While the action takes a little while to get moving, the last half hour or so of the film is pretty much a roller coaster ride. Once Fabio's exposed, the movie kicks into overdrive and as he races for his life, Castellari's takes us along for the ride in an absolutely fantastic chase scene from the city outwards. Castellari's has always had a keen eye for framing action set pieces in truly exciting ways and in using slow motion effectively, and the last chunk of The Heroin Busters demonstrates that as well as anything he's done save for maybe the infamous tumbling car scene from his masterpiece, The Big Racket.

Part drama, part actioner and just as much a condemnation of the drug trade (there are some truly harrowing depictions of junkies and how low they will stoop in this film), The Heroin Busters is a stylish and genuinely grim crime thriller that builds to a completely satisfying conclusion and which demonstrates Castellari's considerable skills as a director.

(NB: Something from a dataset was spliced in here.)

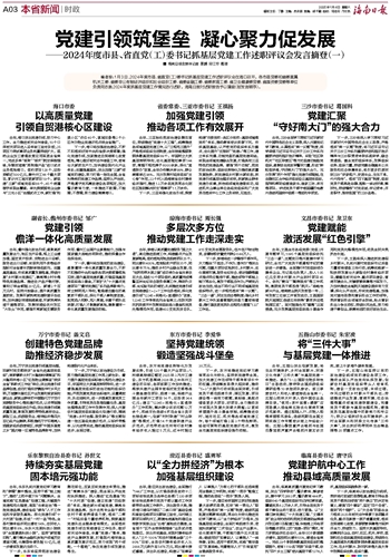 编者按:1月3日,2024年度市县、省直党(工)委书记抓基层党建工作述职评议会在海口召开。各市县党委和省委省直机关工委、省委非公有制经济组织和社会组织工委、省委金融工委、省委教育工委、省卫生健康委党委、省国资委党委等单位负责同志就2024年度抓基层党建工作情况进行述职。海南日报对述职报告予以摘登(按发言顺序)。

The exploitation elements one would expect from this type of film are there completely unnecessary female nudity, bloody shoot outs, extreme close ups of intravenous drug use but the performances and the climax place this one a notch or two above your standard Italian cop film.

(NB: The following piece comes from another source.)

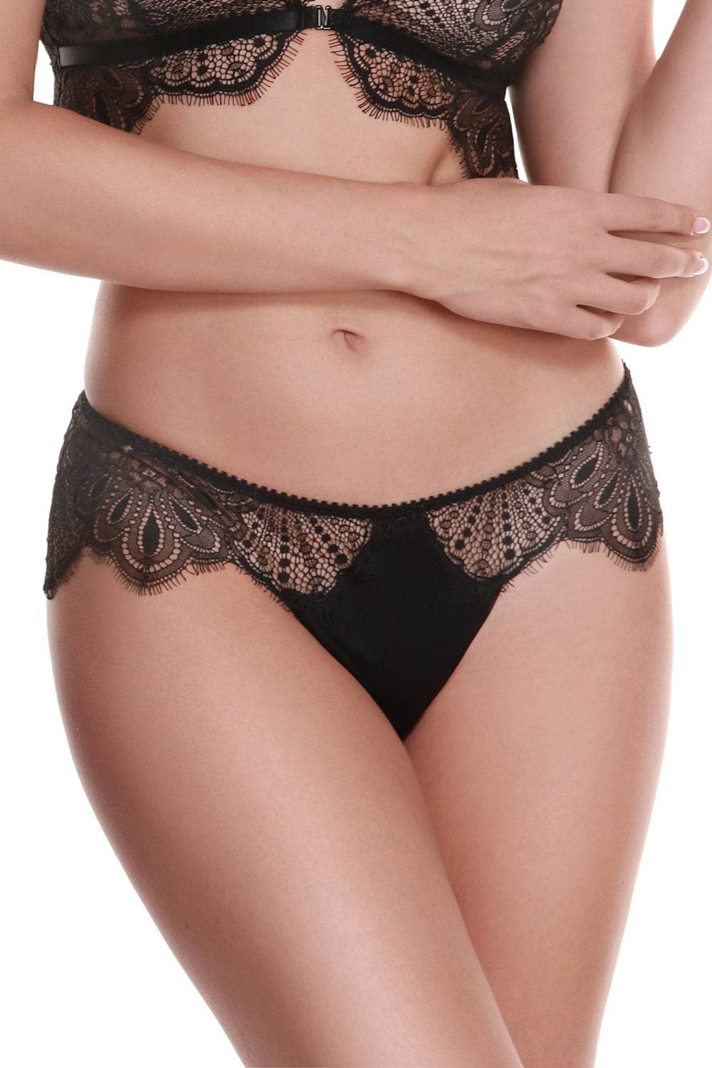 - Sheer lace and soft stretch satin.

The Heroin Busters comes to NTSC DVD in a nice progressive scan 1.85.1 anamorphic widescreen transfer. The colors look nice and bold throughout save for a few scenes where things are obviously supposed to look bleak, the black levels stay strong and deep from start to finish, and the flesh tones look lifelike and natural. There is some mild edge enhancement present in a few scenes and some line shimmering in the usual places like on the front of a car grill or along the sides of a building but there aren't any mpeg compression artifacts worth noting nor is there much in the way of print damage aside from the odd speck or two the image is consistently clean and very nice looking throughout. Some mild grain is present as is the odd scratch here and there, but that's to be expected. Overall, the film looks really good on this DVD. The image isn't flawless, but for an older low budget action movie, it holds up well.

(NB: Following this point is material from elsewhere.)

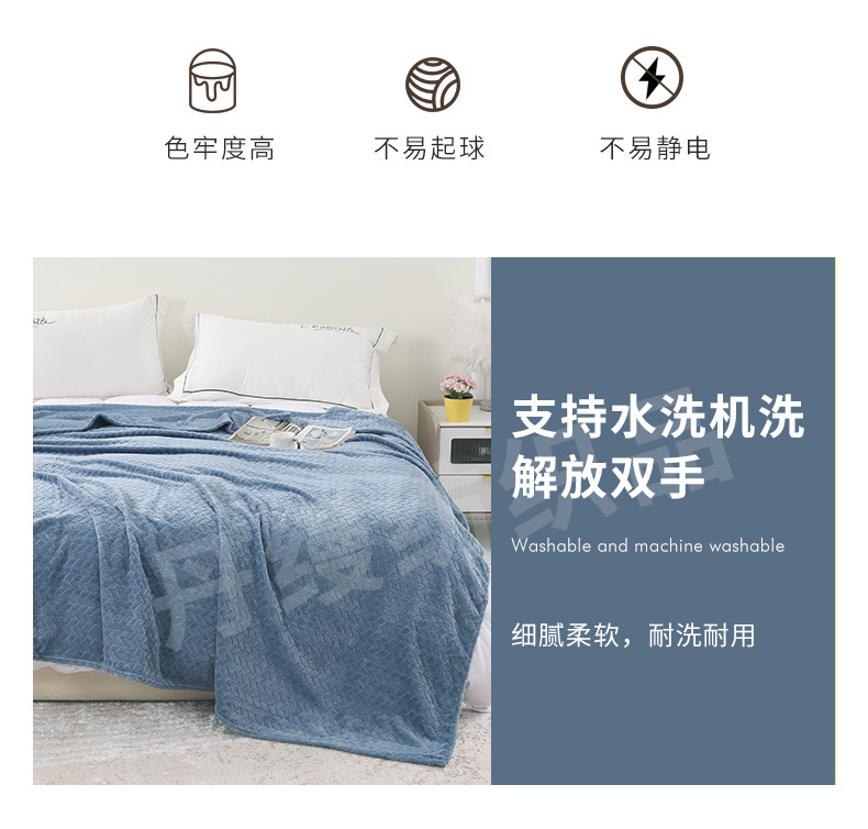 商品属性 [克重] 1500g(含)~2000g(不含) [加工定制] 是 [图案] 纯色 [床尺寸] 180cmX(范围200-220)cm [是否一般纳税人] 是 [材质] 聚酯纤维(涤纶) [毯类型] 珊瑚绒毯 [色牢度] 4 [适用季节] 四季通用 [面料材质] 涤纶 [风格] 现代简约

This one hits DVD in a dubbed Dolby Digital English language mix. Quality of the mix should please most fans. Anyone familiar with Euro-cult films of this era knows that sometimes the dubs are a little wonky and that the lips don't always match the performers but that's sometimes half the fun of these films though this time out David Hemmings does his own dubbing, which makes this English language track a pretty decent way to enjoy the film. Dialogue is clean and clear, there aren't any problems with serious hiss or distortion and the levels are balanced properly. There's a bit of mild background hiss in one or two spots but it's so mild that it's really never an issue and the score sounds quite good as well.


Blue Underground treats us to a couple of solid extra features starting with a commentary track featuring Enzo Castellari and his son, moderated by David Gregory of Blue Underground. Castellari's memory is sharp and as with the commentaries that he has done on the other two Euro-crime titles release by Blue Underground at the same time as this disc, he isn't afraid to talk up his film or his leading man as he hits us with a few anecdotes about working with Fabio Testi and David Hemmings, shooting on location, and a few of the themes that the movie deals with both socially and politically, notably the drug trade. He tells about casting the movie, some of the shot sets up, and some of the action set pieces and he once again comes across as a genuinely likeable guy with a sincere passion for filmmaking.

Rounding out the extra features is the film's original theatrical trailer, some basic menus, and chapter selection. No still gallery is included.

Final Thoughts:

Testi and Hemmings make a great team and the final half hour of The Heroin Busters packs enough of a punch to more than make up for whatever slow parts comprise the opening portion of the film. Blue Underground's DVD looks and sounds good and contains an interesting director's commentary, making this one an easy recommendation for fans of the genre or seventies action films in general.